Ken Gahagan is the Director of Research and Development for Enterprise Computing Management. Ken is a veteran at SAS, celebrating 19 years this year.

2 Comments

  1. Hi Ken,

    I am curious to understand the 3rd question here. Is there an expectation to have CAS from SAS Viya in place of LSF in SAS GRID?
    Can you please explain more on this?

    • Ken Gahagan

      Hi Shriram,

      Thank you for your question. CAS does not replace SAS Grid Manager generally nor does CAS replace LSF specifically. Our plan is to make SAS Grid Manager available on the Viya architecture. Where SAS Grid Manager leverages the SAS Metadata Server and mid-tier services in SAS 9 it will leverage microservices on the Viya architecture.

      SAS Viya has multiple compute engines:
      - CAS
      - Traditional SAS (referred to as the SAS Programming and Run-Time Engine)
      - The SAS Event Stream Processor
      - In-Database engines

      As a server and compute engine CAS offers some prioritization of resource utilization between different user groups but it does not provide workload management.

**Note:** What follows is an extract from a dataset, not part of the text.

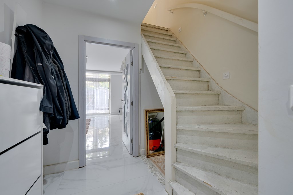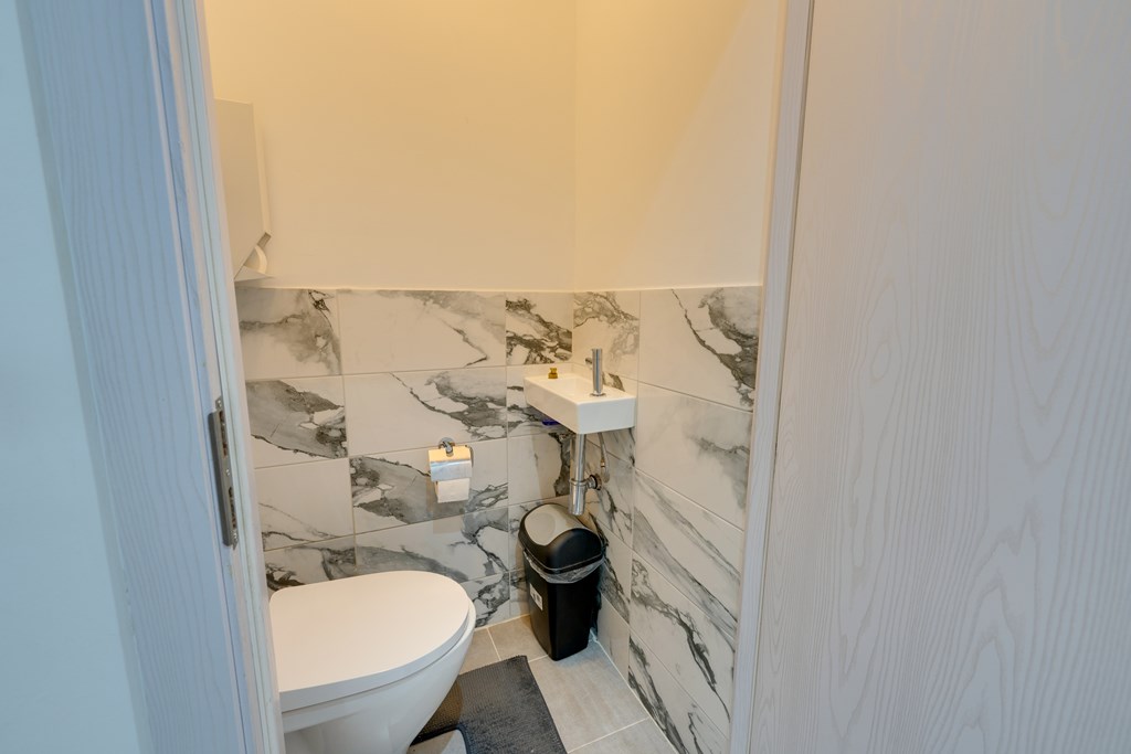 The first floor offers three spacious bedrooms, all finished with neat laminate flooring. The bathroom is modern and stylish, featuring a walk-in shower, washbasin unit, and a second toilet. Thanks to the recent renovation, this floor feels fresh, contemporary, and completely move-in ready.
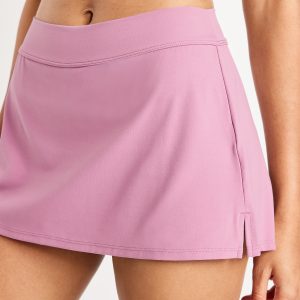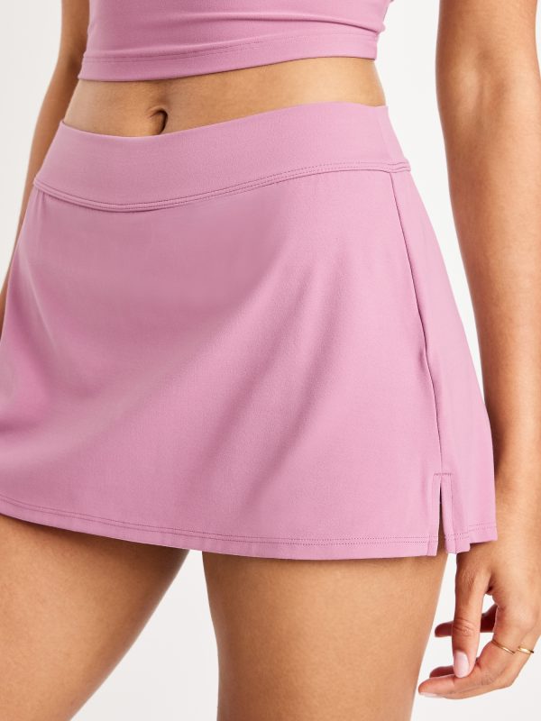 Mid-Rise StudioSmooth Mini Skort: Featuring StudioSmooth. Buttery soft and breathable, with a barely-there feel.mid-rise waistband, built-in biker shorts, go-dry wicks moisture, breathable, vented sides, #824389

      As SAS 9 customers move more functionality to Viya based SAS products it is reasonable that they expect that traditional SAS jobs and batch flows would continue to function - including the ability to launch work on the least busy node in the environment; The ability to prioritize work and target compute resources via queues; The ability to monitor and restart services; etc. Bringing SAS Grid Manager to Viya will provide all of these capabilities and will enhance Viya based SAS offerings to include some of these features that are not currently available.

      SAS introduced our own grid provider (SAS Workload Orchestrator) in SAS 9.4m6. SAS Workload Orchestrator will be a functional alternative to LSF for Viya based deployments as well.